The state is moving toward closing sheltered workshops such as Haywood Vocational Opportunities that employ people with developmental disabilities.
The objective is to move people out of workshops and into jobs at retail stores, restaurants and other businesses.The Department of Health and Human Services, though, is moving toward what it calls "supported employment," in which people would be placed in jobs in the community. Sheltered workshops apparently would be phased out."
“This is the wave of the future,” said Lisa Jackson, program manager at the N.C. Division of Mental Health, Developmental Disabilities and Substance Abuse Services. “Other states have done this, and we’re moving toward it.”
*****************************
I have something to say about how difficult it is to provide job coaching and jobs for disabled people away from a formal structure like a sheltered workshop (e.g., HVO in Waynesville, NC, which has been around for some decades). When the main sheltered workshop in Atlanta, Atlanta Rehabilitation Center, was closed, some employees sought to create another sheltered workshop. We even had the fairly lucrative contracts transferred (in that particular case it was a putting together of plastic pieces which were the electrical harnasses for cars). We were certainly naive.
And so now we have NC DHHS attempting to outsource all the disabled people into the community-----where they are not wanted; not appreciated; are ill-prepared to work in acompetitive environment; and will (you can bet your bottom $$) will have the job coaching removed as soon as they are in a job for a period of time. For, you see, DHHS NC is utilizing a rehabilitation model which does not accommodate anyone with a life-long mental challenge, be it mental illness or developmental disability.
This will not work and it particularly will not work under NC DHHS as the agenda is to pull the rug out from under the services after a period of time. You've used up all your points, DHHS, and now we truly do not trust you to do whatever it is you think we're believing. Every single DHHS agenda since mental health reform began in 2001 has been predicated on creating a service in order to eventually dismantle it.
Research indicates that this is necessary: http://psych.iupui.edu/users/gbond/pdfs/99%202002%20bond%20qseis%20jvr.pdf
Journal of Vocational Rehabilitation 17 (2002) 239–250 239
IOS Press A scale to measure quality of supported employment
for persons with severe mental illness
"...Follow-along supports are continuous: Individualized supports to maintain
employment continue as long as consumers want the assistance...."
This will lead to time and again losses of jobs; accelerating depression on the part of the clients; and collapse of the sheltered workshop industry which has been carefully put together over decades.
Over and over I have seen clients placed in the community, in low-paying jobs.
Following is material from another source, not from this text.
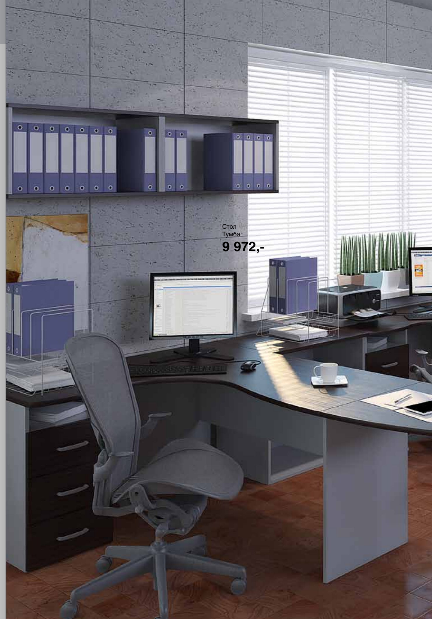
Стол Тумба 9 972,-

* Под заказ. Стоимость может быть выше указанной в прайсе.
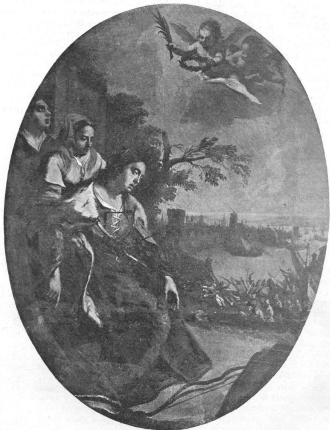
Smrt sv. Uršule.

The first supervisor who hires them on likes them well enough and understands them. That person leaves. Another supervisor comes on and knows little about the person and the person gets fired. End of story. Recreate the wheel time and time again.
Extremely depressing to the disabled person to the point that they simply will not try to work after a time. So what are DHHS's plans then? To tell them to work or receive no disability pay?
The system will not be able to accommodate this given what we know about DHHS incompetence. There will be mounds of paperwork to fill out re: this illusive 'job coach'; the pay will be poor; no Endorsed Provider company will want anything to do with it unless they can re-create another---yet another----sheltered workshop which will run nothing like the sheltered workshops already in place.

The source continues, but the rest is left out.